5. Backup Node 6. Blocks

All the data of users are stored in files of HDFS, which are then divided into small segments. These segments are stored in the DataNodes. The features which are present on DataNodes are called a block. The default block size of these blocks is 128 MB. The size of the block can be changed as per users requirements by configuring HDFS.

If the data size is less than the block size, then block length is equal to the data size. For example, If the data is 135 MB, then it will create 2 Blocks. One will be of default size 128 MB, and another will be 7MB only, not 128 MB. Because of this, a lot of space and disk’s clock time is saved.

Replication Management in HDFS Architecture

HDFS is Fault-tolerant. Fault tolerance is the system’s power in case of failures and responding to the errors and challenging conditions. Fault tolerance works based on the process of replica creation. Copies of user’s data are saved on machines in the DHFS cluster. Hence, if there is any breakdown or failure in the system, a copy of that data can be accessed from the other machines of the HDFS cluster. Each block in HDFS architecture has 3 replicas that are stored in different DataNodes. NameNode maintains the copies available in DataNodes. NameNode adds or deletes copies based on the criteria of under replicated or over-replicated blocks.

Write Operation

To write files to HDFS, the client will communicate for metadata to the NameNode. The Nameode answers with several blocks, their location, copies, etc. The client divides files into multiple blocks based on named information. Then, it starts sending them to DataNode. First, the client sends block A to DataNode 1 with other information about DataNodes. When DataNode 1 receives the client’s block A, DataNode 1 copies the same block to the same rack to DataNode 2. Because both DataNodes are in the same frame, transferring the block is done via rack switch. DataNode 2 now copies the same block to DataNode 3. Because both the DataNodes are in different racks, moving the block is done through an out–of–rack switch. Once DataNode receives the client’s leagues, it will send the confirmation to NameMode. In each block of the file, the same process is repeated.

Read Operation

For Read operation, the First client communicates metadata to the NameNode. A client exits NameNode with the file name and location. The Nameode responds with a block number, site, copies and other information. After that, the Client communicates to DataNodes. Based on the information received from the NameNode, the client starts reading data parallel from the DataNodes. When the client or application receives all the block of the file, it combines them into an original file form.

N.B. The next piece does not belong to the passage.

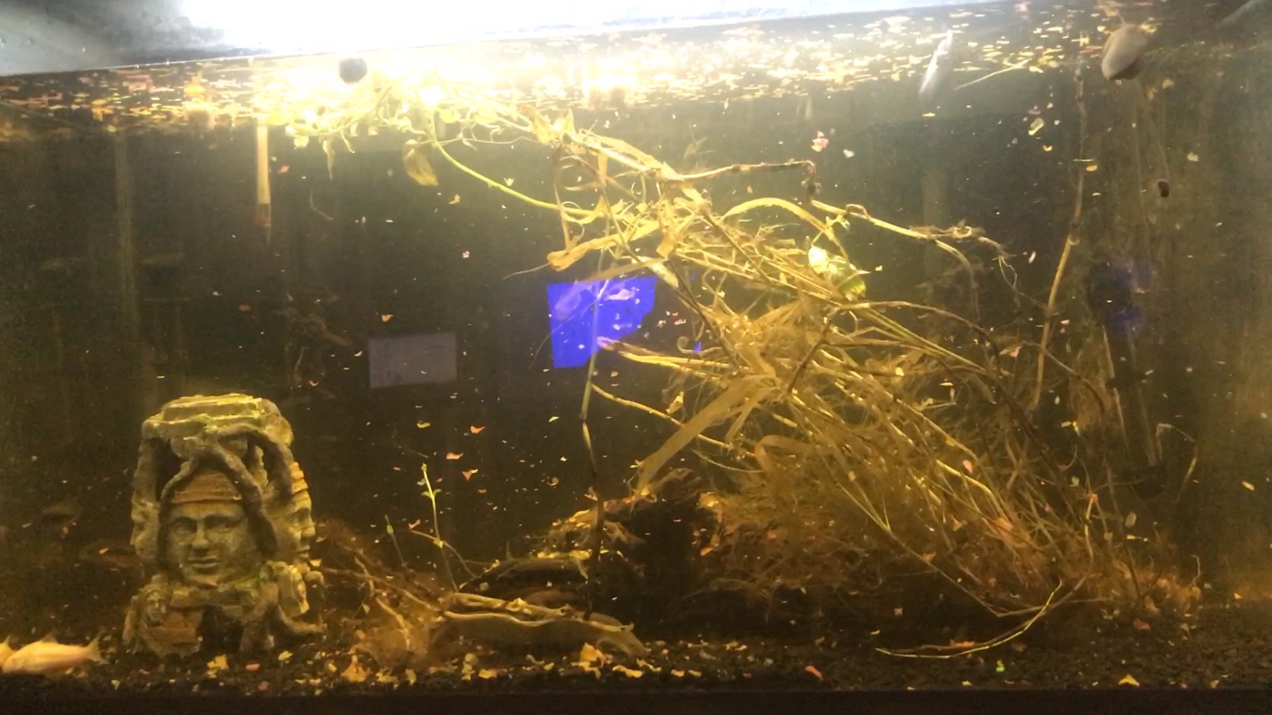 I plan on getting a few mollies and guppies from another fish dork like me, which will fill the empty space in the top of the tank. In the video, you can tell the plants are starting to grow new sprouts, which is awesome to see that it will fill up naturally and get greener as time goes! All it needs is a Steem fish tank ornament ! haha

With the help of NameNode and DataNode, it reliably stores huge files across machines in a large cluster. Because of fault tolerance, it is helpful to access data while software or hardware failure. This is how HDFS architecture works.

Recommended Articles

This has been a guide to HDFS Architecture. Here we discussed the essential concepts with different types of Architecture, features, and replication management of HDFS Architecture. You can also go through our other suggested articles to learn more –

You're reading Explore The Architecture Of Hdfs

Update the detailed information about Explore The Architecture Of Hdfs on the website. We hope the article's content will meet your needs, and we will regularly update the information to provide you with the fastest and most accurate information. Have a great day!